A more accurate characterization of findings from recent studies is that some private school choice initiatives have persistent negative effects on student achievement, mainly in math. Only David Figlio and Krzysztof Karbownik’s quasi-experimental evaluation of the Ohio EdChoice program found statistically significant negative achievement effects in reading in the final year of the evaluation that were robust to different analytic techniques. The negative reading impacts of the Indiana Scholarship Program were sensitive to changes in samples and student matching techniques. The negative reading effects of the Louisiana Scholarship Program similarly were inconsistent across samples and statistical models, a vital detail that Lubienski and Malin omit from their essay. The Ohio, Indiana, and Louisiana evaluations all reported negative effects on math achievement in the final year of the evaluations that were robust. Importantly, the recently concluded evaluation of the D.C. Opportunity Scholarship Program found that initial negative effects of that program on student math scores that were trumpeted in the Lubienski and Malin essay disappeared completely by the third and final year of the evaluation. In direct contradiction to a Lubienski and Malin claim, students in one of the recent private school choice evaluations completely made up the initial achievement ground they lost by switching to a private school.
The final claim by Lubienski and Malin is the easiest to debunk.
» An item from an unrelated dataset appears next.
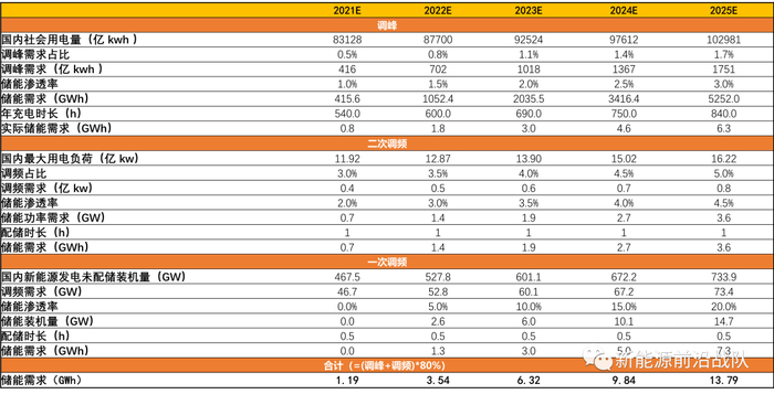 测算依据:基于负荷侧社会用电量。由于国内发电侧新能源电站22年普遍具有强制配储政策,对发电侧新增装机量带来的调峰需求不做测算。

They assert that the University of Arkansas research team only focused attention on the civic values and attainment effects of private school choice after the test-score effects started coming up negative (with the Figlio & Karbownik study in 2016). Jay Greene and I are political scientists by training. From the very beginning of our long careers evaluating school choice programs, we have focused on the impacts of choice on civic outcomes. Jay started publishing evaluations of the effect of private schooling on civic values way back in 1998, 18 years before the first school choice evaluation reporting negative test score effects (see here, here, and here). My first school choice study focused on its effects on student civic values, including political tolerance, voluntarism, and patriotism. I followed that up that 2001 publication with a co-edited book on the topic, way back in 2004, and a systematic review of the many studies of school choice and civic values in 2007.
My research team was the first to report the effects of a private school choice program on high school graduation rates, not because I wanted to “move the goalposts” but because the U.S. Congress directed in law that educational attainment be an outcome evaluated in our study. That’s right, policymakers themselves, in their wisdom, have demanded that non-test-score outcomes be the subject of private school choice evaluations. As an evaluator, I didn’t move the goalposts. I just kicked the ball through them.
Patrick J. Wolf is a distinguished professor and 21st Century Chair in School Choice in the Department of Education Reform at the University of Arkansas College of Education and Health Professions.
A version of this article orginally was published at RedefineEd.